This behaviour is very similar to the way suki and ****** would behave, I found 3 things helped:

1) A plug in called Feliway. Available from your vet it is a compund of soothing cat pheremones, to help relax the tenseness.

2) Sprinkle a little cat nip in there dinners, this also helps to calm them down.

3) you need to set up 2 spaces. One for Jade to retreat to for some quite time, and the same for Azores. These two areas need to be private, maybe a room each? were there own smell is dominant, they can pee and eat in quiet. They can go there when they need some peace. And niether cat is allowed in each others 'time out space'.

Please dont get another cat untill you sort the problems you have out now.


----------



## Jadedea Jade (Feb 3, 2009)

ive tried the feliway and spirit essences and it doesnt work. ive tried out the time out rooms and it doesnt work either. they either claw their way out or claw their way in, meaning both of them is on either side of the door and then thats when the hissing starts. they retreat on their own to different places and are usually fine but they both like to be around my husband and i and thats when we see them acting up, sometimes its simply then walking past each other that sets off a *smack smack* session.
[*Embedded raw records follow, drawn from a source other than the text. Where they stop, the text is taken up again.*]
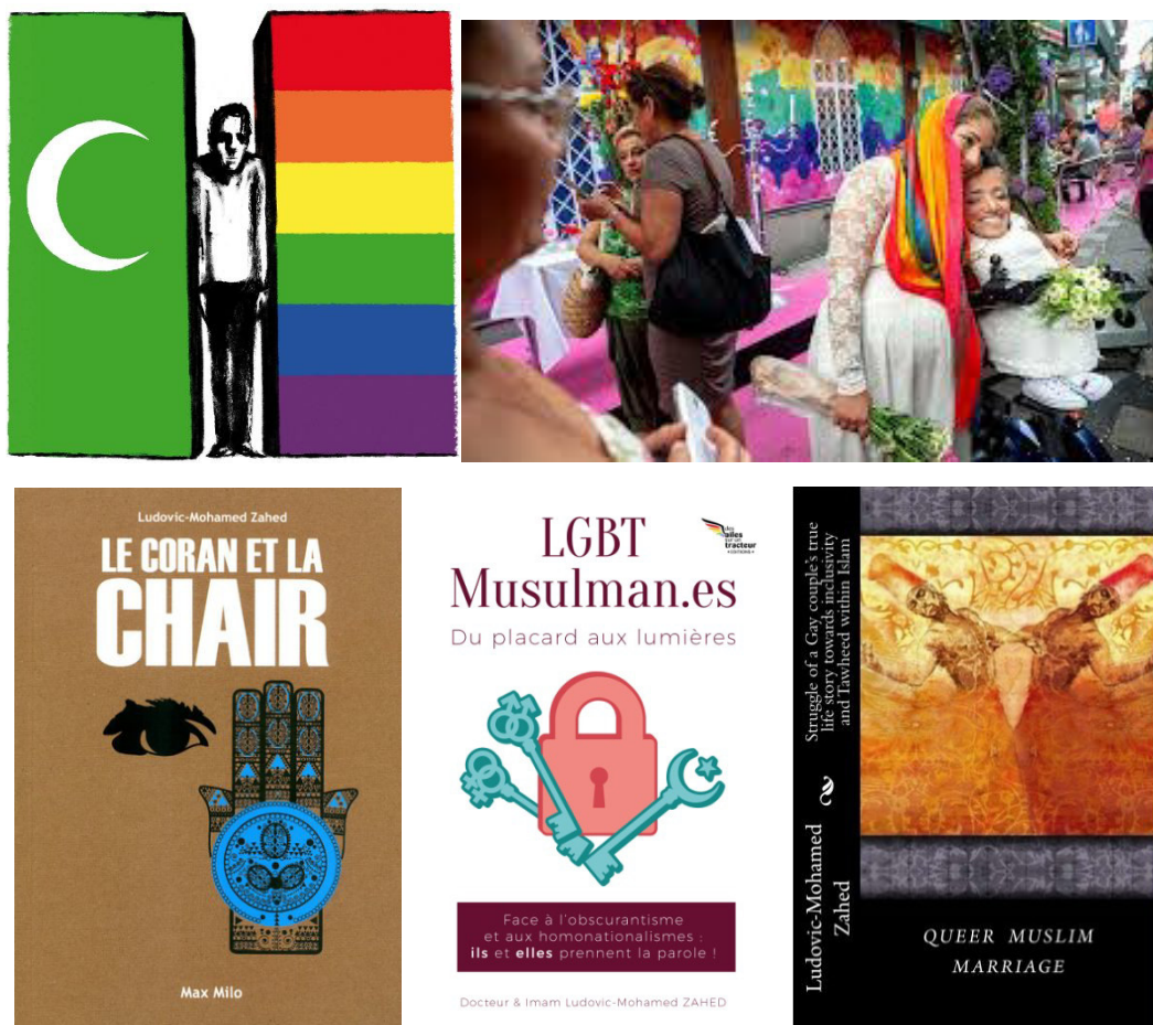
*A complete list of our publications is available online .
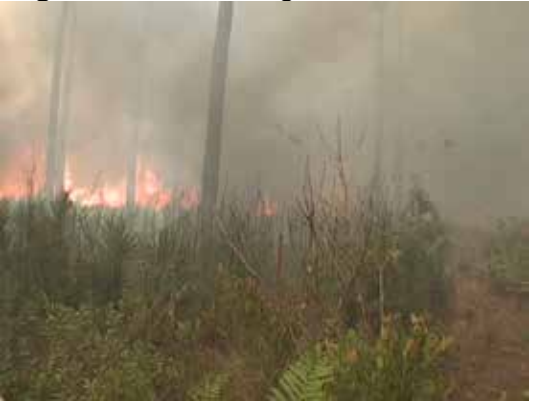
Figure 8. Low intensity flanking fire (left photo) and head fire (right photo) in site 12.
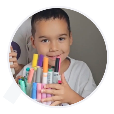
③ Colouring materials (like crayons, coloured pencils, markers or paints)
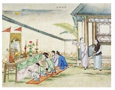
Praying to The Moon During Midautumn Festival". The drawing comes from the Atlas of Beijing Customs, compiled by Masaru Aoki with commentaries by Uchida Michio

summon a Taoist master to perform a special fertility rite. Among common people, there is also a custom of praying to the moon during the festival and asking for children.
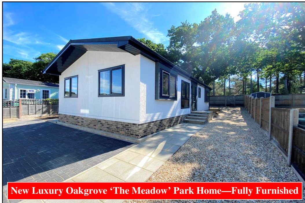
New Luxury Oakgrove 'The Meadow' Park Home—Fully Furnished

67 The Avenue, Oaktree Park, St Leonards, Ringwood. BH24 2RJ
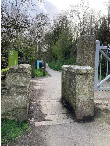
Pedestrian access to Helston Drive
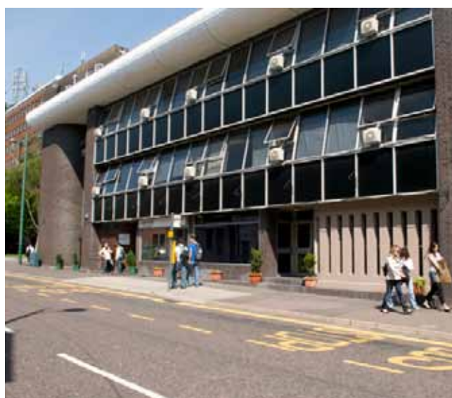
Kaplan International College Bournemouth

The college was built in the 1960s. It is a modern building with three floors and is situated in the area of Westbourne, roughly 5 minutes by bus from Bournemouth town centre. The college is located on a main street and has a lovely patio at the back.
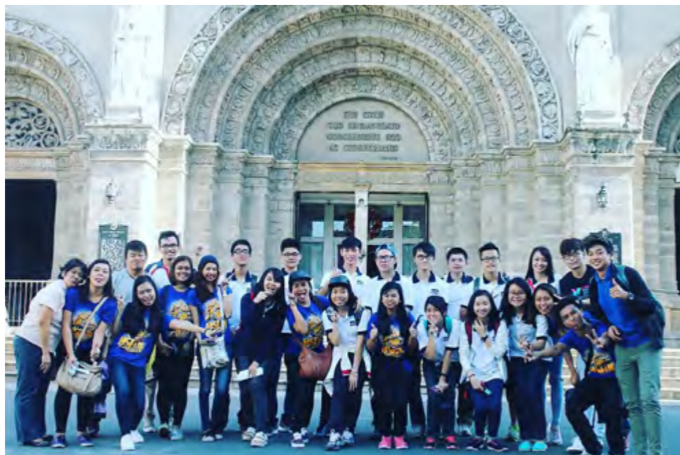
At the façade of the Manila Cathedral

i think we are going to rehome her unless someone of some professional stature (because hubbie doesnt like unlicensed opinions lol) says to try a third cat.


----------



## Frostpaw (May 30, 2009)

then speak to your vet... or an animal behaviourist.


----------



## Heidi n Q (Nov 22, 2006)

I am not licensed, but I think this situation is NOT going well. The two cats are NOT playing, they are serious about establishing dominance between the two of them. I think it is doubtful they will ever get along. You may have to resign yourself to allowing Azores to remain an only-cat. You could wiat a bit and possibly try again with a different cat/kitten-intro, but from this end of the keyboard, it doesn't look promising. 
Sorry.  
heidi


----------



## Jadedea Jade (Feb 3, 2009)

Heidi n Q said:


> I am not licensed, but I think this situation is NOT going well. The two cats are NOT playing, they are serious about establishing dominance between the two of them. I think it is doubtful they will ever get along. You may have to resign yourself to allowing Azores to remain an only-cat. You could wiat a bit and possibly try again with a different cat/kitten-intro, but from this end of the keyboard, it doesn't look promising.
> Sorry.
> heidi


how long do you think i should wait??


----------



## Jeanie (Jun 18, 2003)

Of course, if you don't like Jade's personality, you probably never will. But what do you think will happen to her? Do you have a home in mind? I don't mean to be unkind, but it's very hard on animals, especially shy ones, to be rehomed.  She might live in a cage the rest of her life or get put to sleep.  That's why we have to be reasonably sure it's a lifetime commitment when we adopt a pet. You might have the same problem with another kitten. Perhaps it's best to keep Azore an only cat.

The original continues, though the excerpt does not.